One development aimed at alternative fuels is Cummins’ Agnostic engine series. The company explains that a common engine block and lower end (pistons, connecting rods, crankshaft) are mated to cylinder heads designed for specific fuels. Hydrogen and biodiesel are among them.
The first model is a 15-liter product based on the. Although aimed at off-road use, including construction equipment, the series might later find its way into heavy trucks. The concept will be extended to smaller 6.7- and 8.9-liter engines, Cummins says.
Electric trucks feature brisk performance and near-silent operation, while promising low maintenance and life-cycle costs. All are expensive, though that can be offset by government grants.

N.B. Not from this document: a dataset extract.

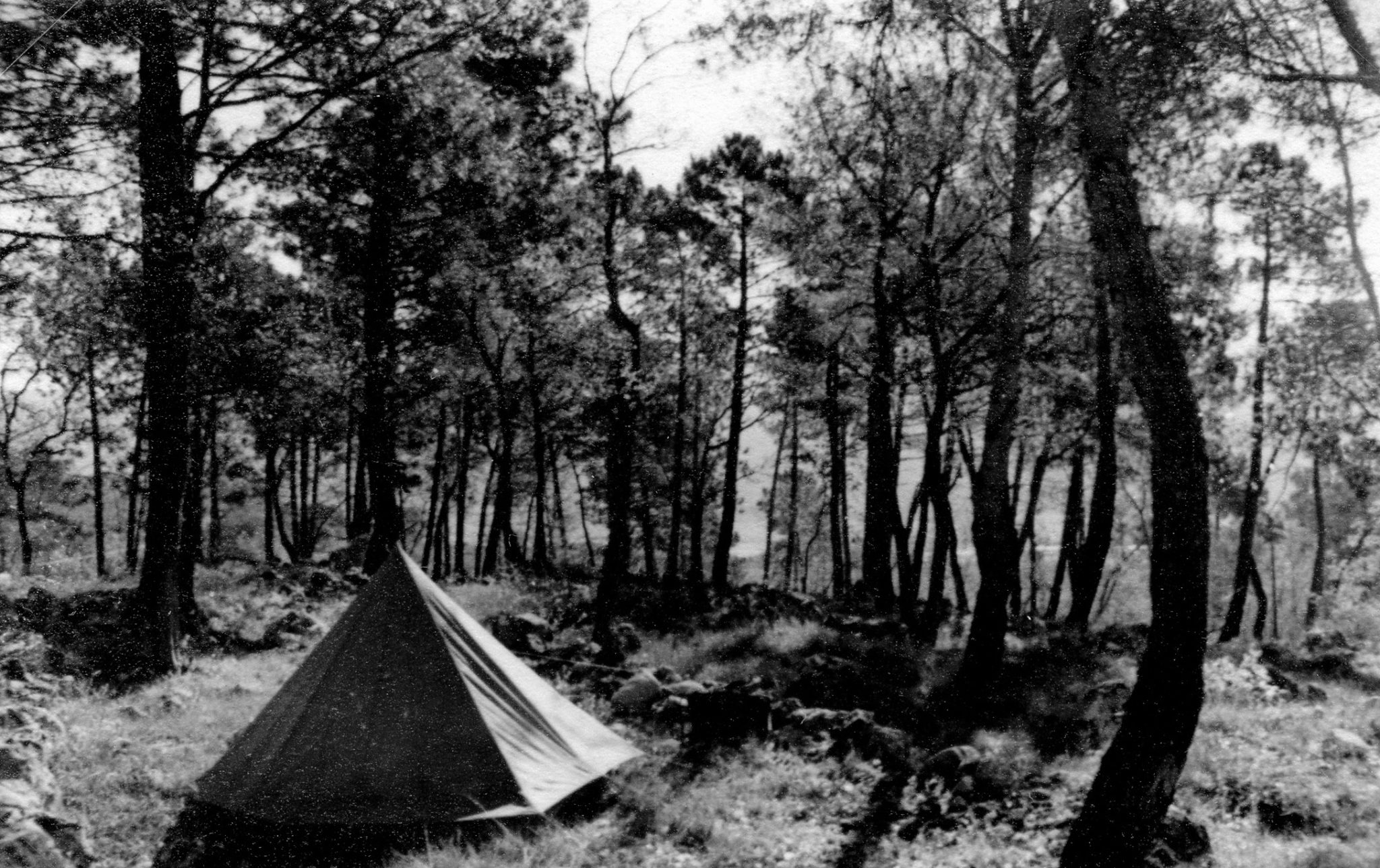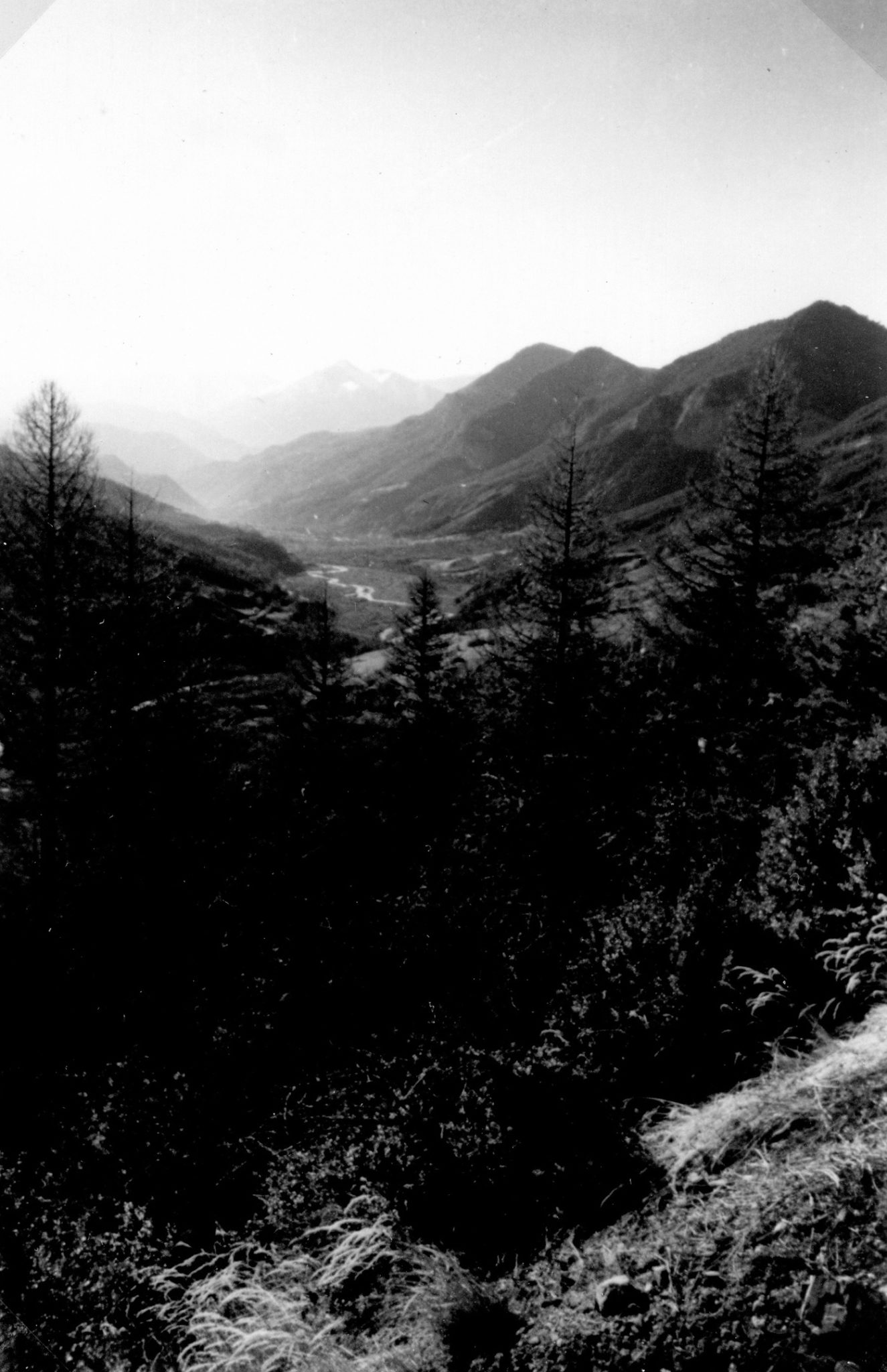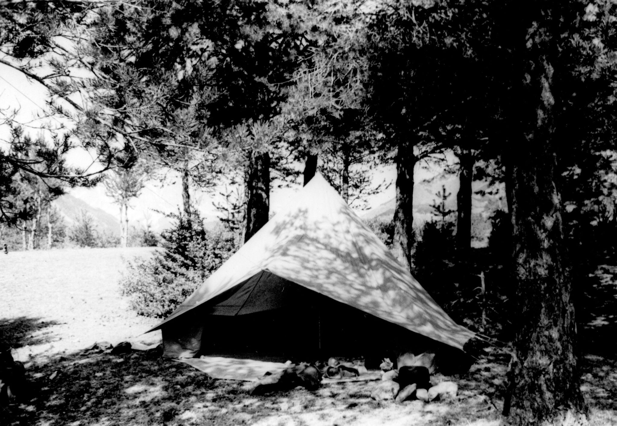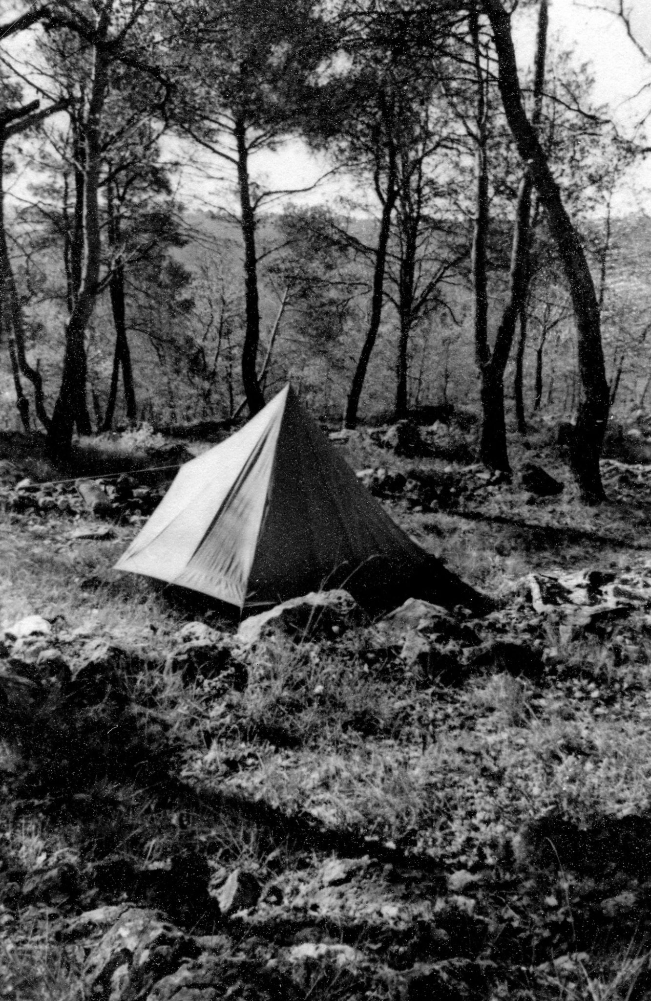 Puis je pars à la recherche d’un camp qui ne pourra être que de secours car ici c’est la Côte d’Azur et il ne faut pas demander l’impossible ! Je longe la mer rempli de la nostalgie de mes beaux camps montagnards. Un terrain vague m’offre ses possibilités de camp. Quelle déchéance ! Un champ de course en cours d’établissement me fait moins horreur car il conserve des arbres majestueux et il est plus à l’écart, mais une solide barrière le protège. Le chef contremaître duquel je sollicite une autorisation me répond aimablement mais négativement. Où aller sans déchoir ? La ville est dominée par des collines boisées : voyons là-haut.

Heavy and midrange electric trucks require charging serious infrastructure, however, and that can take two to three years to plan for and set up, according to fleets now involved in the electrification process. What kind of chargers and where to put them are among considerations.

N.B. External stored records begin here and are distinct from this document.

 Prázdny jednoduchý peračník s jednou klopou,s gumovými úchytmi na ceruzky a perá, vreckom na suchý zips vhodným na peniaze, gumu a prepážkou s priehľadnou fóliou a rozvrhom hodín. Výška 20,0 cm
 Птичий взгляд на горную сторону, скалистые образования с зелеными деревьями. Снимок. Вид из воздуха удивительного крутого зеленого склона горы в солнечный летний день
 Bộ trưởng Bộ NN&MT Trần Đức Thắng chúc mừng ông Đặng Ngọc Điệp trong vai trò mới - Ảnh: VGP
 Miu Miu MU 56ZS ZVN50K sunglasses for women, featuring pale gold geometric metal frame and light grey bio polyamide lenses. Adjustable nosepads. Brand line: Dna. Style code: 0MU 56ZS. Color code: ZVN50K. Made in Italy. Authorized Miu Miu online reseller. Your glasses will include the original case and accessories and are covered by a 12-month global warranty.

Other considerations include: Where will the power come from? Can the grid and nearby substations and transformers support the new loads? Local utilities must be consulted and worked with, and/or self-sustaining solar or wind equipment with storage batteries obtained and installed. It’s all costly, but again, government subsidies are available. A nagging concern with electric vehicles is fires. Though rare, spontaneous combustion of li-ion batteries is dangerous and destructive, and the fires difficult to quench.
Scientists and engineers are working on safer and more advanced battery chemistries. Everyone involved insists that electric vehicles in general and electric trucks in particular are “the future,” and it’s getting closer. For a few forward-looking operators, it’s already here.